Albert W. Watson.jpg
Member of the U.S. House of Representatives
from South Carolina's 2nd district
In office
June 15, 1965 – January 3, 1971
Preceded by Himself
Succeeded by Floyd Spence
In office
January 3, 1963 – February 1, 1965
Preceded by Corinne Boyd Riley
Succeeded by Himself
Member of the
South Carolina House of Representatives
from Richland County
In office
January 10, 1961 – January 8, 1963
In office
January 11, 1955 – January 13, 1959
Personal details
Born (1922-08-30)August 30, 1922
Sumter, Sumter County
South Carolina, USA
Died September 25, 1994(1994-09-25) (aged 72)
Columbia, South Carolina
Resting place Crescent Hill Memorial Gardens and Mausoleum in Columbia, South Carolina
Political party Democratic (1955-1965)
Republican (1965-1994)
Residence Columbia, South Carolina
Alma mater North Greenville Junior College

University of South Carolina School of Law

Profession Attorney
Religion Southern Baptist
Military service
Service/branch United States Army Air Corps
Rank Weather Specialist
Battles/wars World War II

Albert William Watson (August 30, 1922 – September 25, 1994) was a politician from South Carolina. Originally a Democrat, in 1965 he became the first Republican in modern times to represent the state in the United States House of Representatives. He is best known for his losing 1970 campaign for governor of South Carolina.

Early career[edit]

During World War II, Watson served as a weather specialist in the United States Army Air Corps. In 1950, he graduated from the University of South Carolina School of Law and thereafter opened his legal practice in Columbia. In 1954, he was elected from Richland County to the South Carolina House of Representatives, which he served from 1955 to 1958.[1] In 1958, Watson lost the Democratic primary for lieutenant governor to Burnet Maybank, Jr., son of a former U.S. senator. In 1961, Watson returned to the state House for a final two-year term.[1]

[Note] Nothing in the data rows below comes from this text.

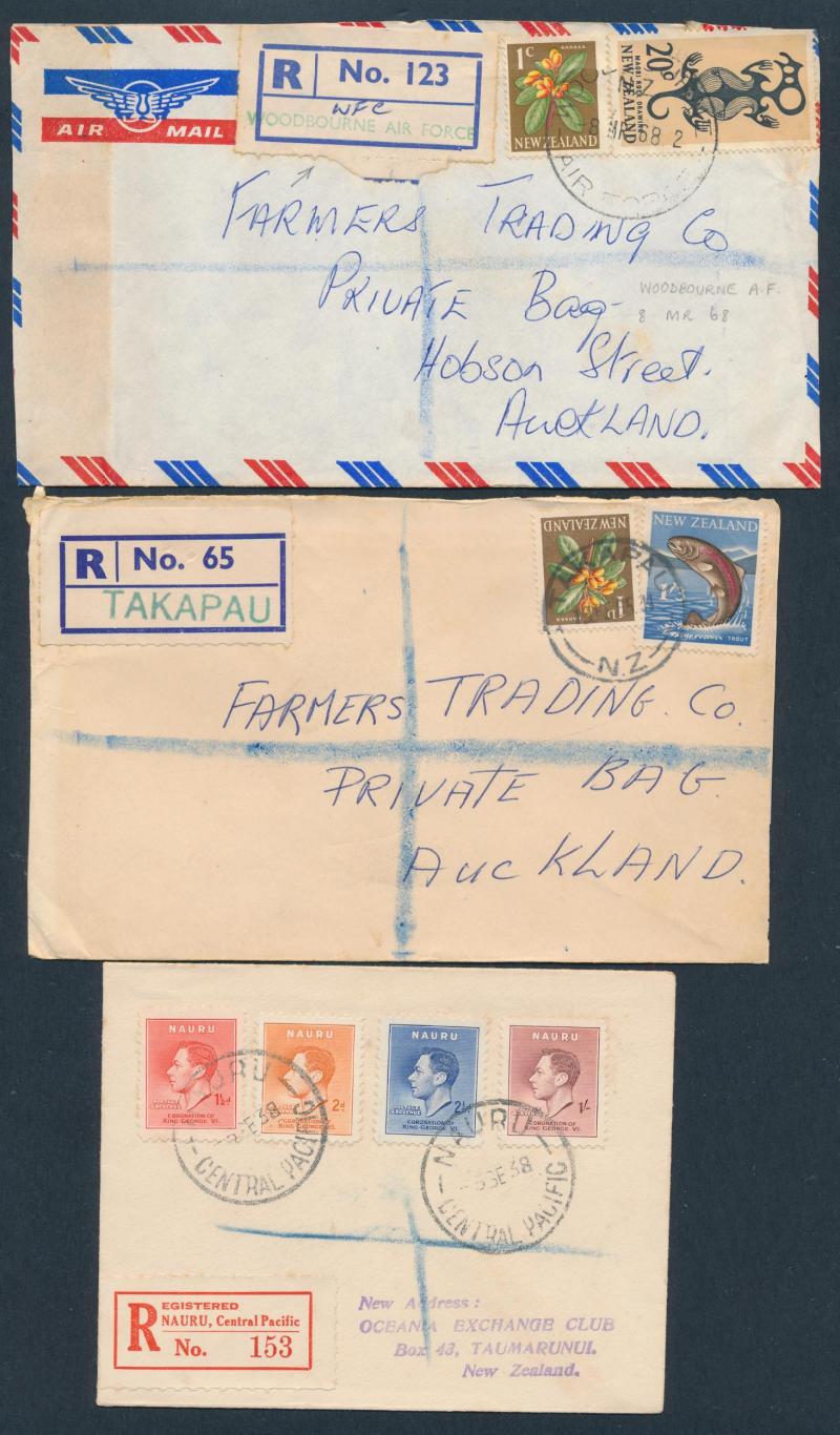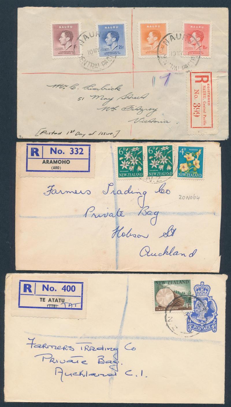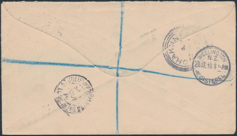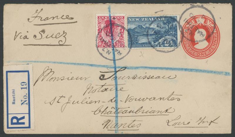 Wakatipu tied by 'RAETIHI' cds cancels with blue/white R label affixed at lower-left, Ohakuna & Wellington transit backstamps and Nantes '1/AOUT/10' arrival alongside, very fine. From 1.1.1901, the universal letter rate was 1d plus 3d registration
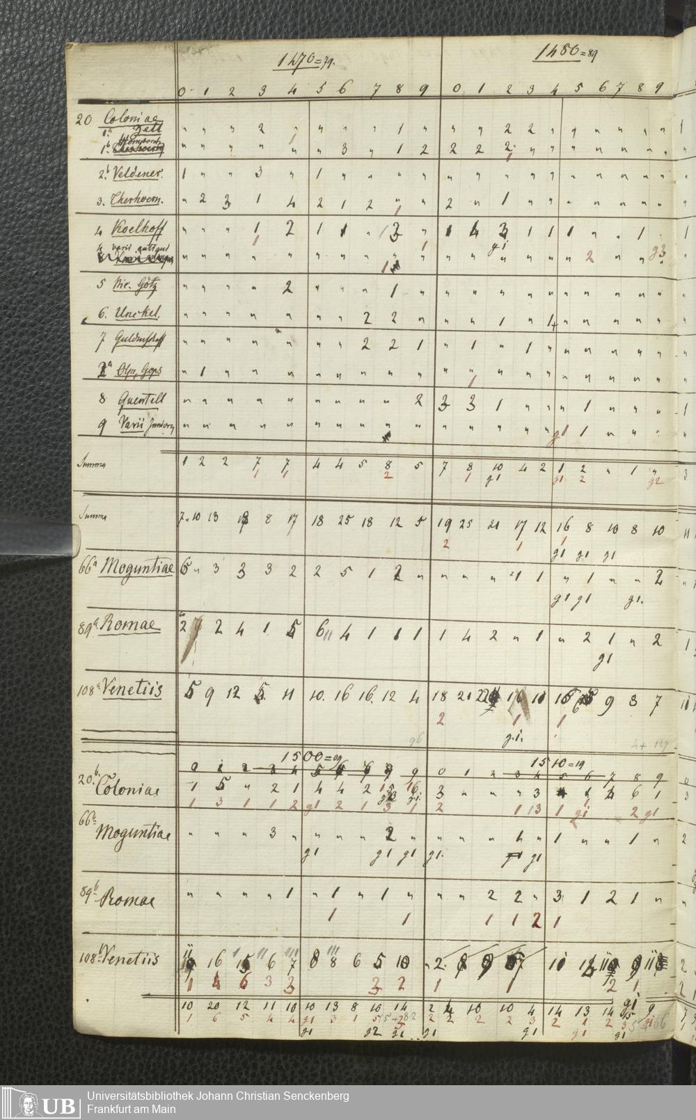 Ms. Ff. G. Kloß Nachlaßergänzung I.3 - Conspectus urbium et annorum quot in nostra collectione reperiuntur
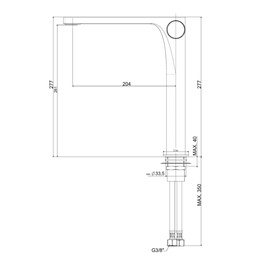Mitigeur de lavabo sur pied sans vidage de la série SAT Evolution. De forme ronde et finition chromée. Il a une hauteur de 27,7 cm, une hauteur de suspension de 26,1 cm et une longueur de suspension de 20,4 cm. Le vidage n'est pas inclus dans le mitigeur.
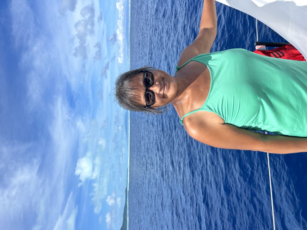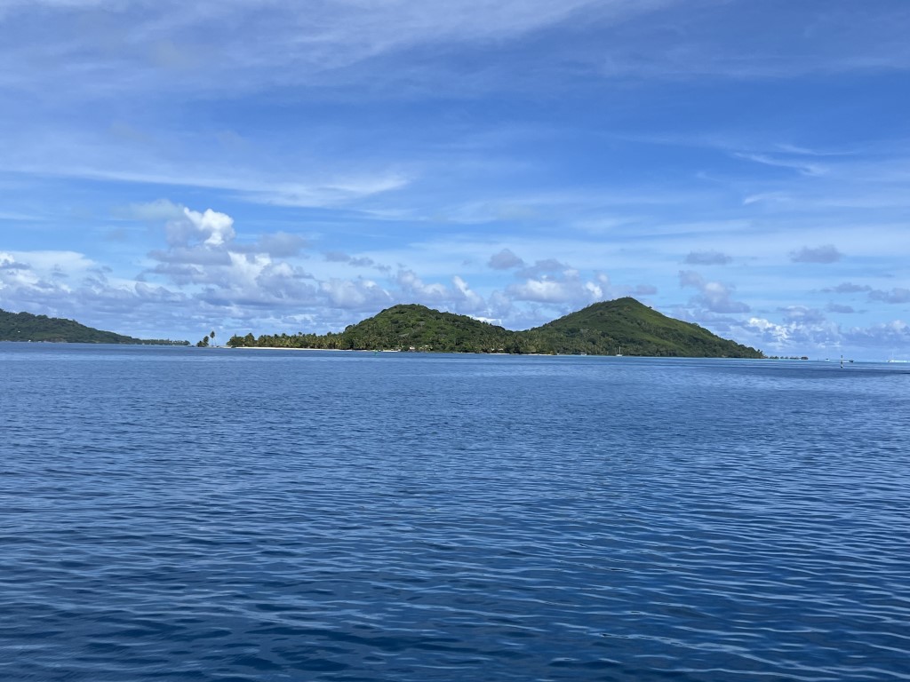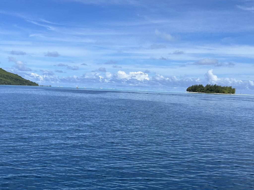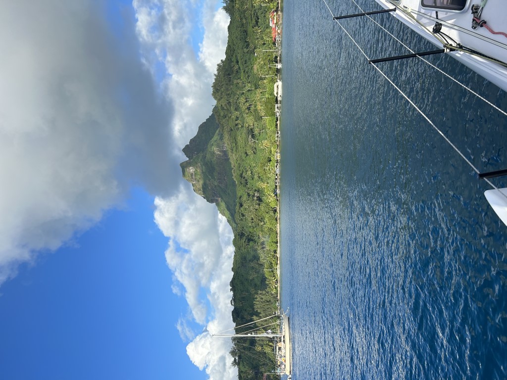 We had a wonderful time anchored in the eastern lagoon of the island of Tahaa. We enjoyed calm waters, beautiful weather, and excellent swimming conditions. We also had a chance to socialize with several other boats in our rally including Thetis, Renegade, and Cepa. We enjoyed a nice dinner at a local restaurant which served grilled fresh caught parrot fish (very good). After a couple days, we elected to proceed to Bora Bora, our ultimate destination in French Polynesia. Before we could leave, however, we faced a bit of a struggle with our anchor chain which had wrapped around a large coral bommie. Our depth was only about 20 feet, so I was able to swim down to make an assessment. I was able to partially free the chain, but it remained wedged beneath one portion of the monolith. Nonetheless, once we understood the geometry of the problem, we were able to maneuver the boat under engine to make our escape and retrieve our anchor. Next stop: Bora Bora!

Congressional career[edit]

In 1962, Watson first ran for South Carolina's 2nd congressional district seat. Five-term incumbent John J. Riley had died in office in 1962, and his wife Corinne Boyd Riley, had served out the remainder of her husband's term.[2] Watson secured the Democratic nomination and then faced Floyd Spence, a fellow state representative from neighboring Lexington County who had turned Republican a few months earlier. The ensuing general election was far closer than expected, with Watson winning by only five percentage points, with crucial support from his mentor, U.S. Senator Strom Thurmond. In 1964, Watson was reelected without opposition. However, the House Democratic Caucus stripped Watson, along with Congressman John Bell Williams of Mississippi, of his seniority for supporting Barry Goldwater. Watson then resigned from Congress on February 1, 1965, and sought his former position as a Republican in a special election held on June 15, 1965. Watson won the special election with 69 percent of the vote to become the first Republican to represent South Carolina in the House since 1896, and the first to win an undisputed House election in the state since Reconstruction. He was comfortably reelected in 1966 and 1968. Watson's opposition to civil rights legislation exceeded that of most other Southern Republicans, but was normal for Southern Democrats.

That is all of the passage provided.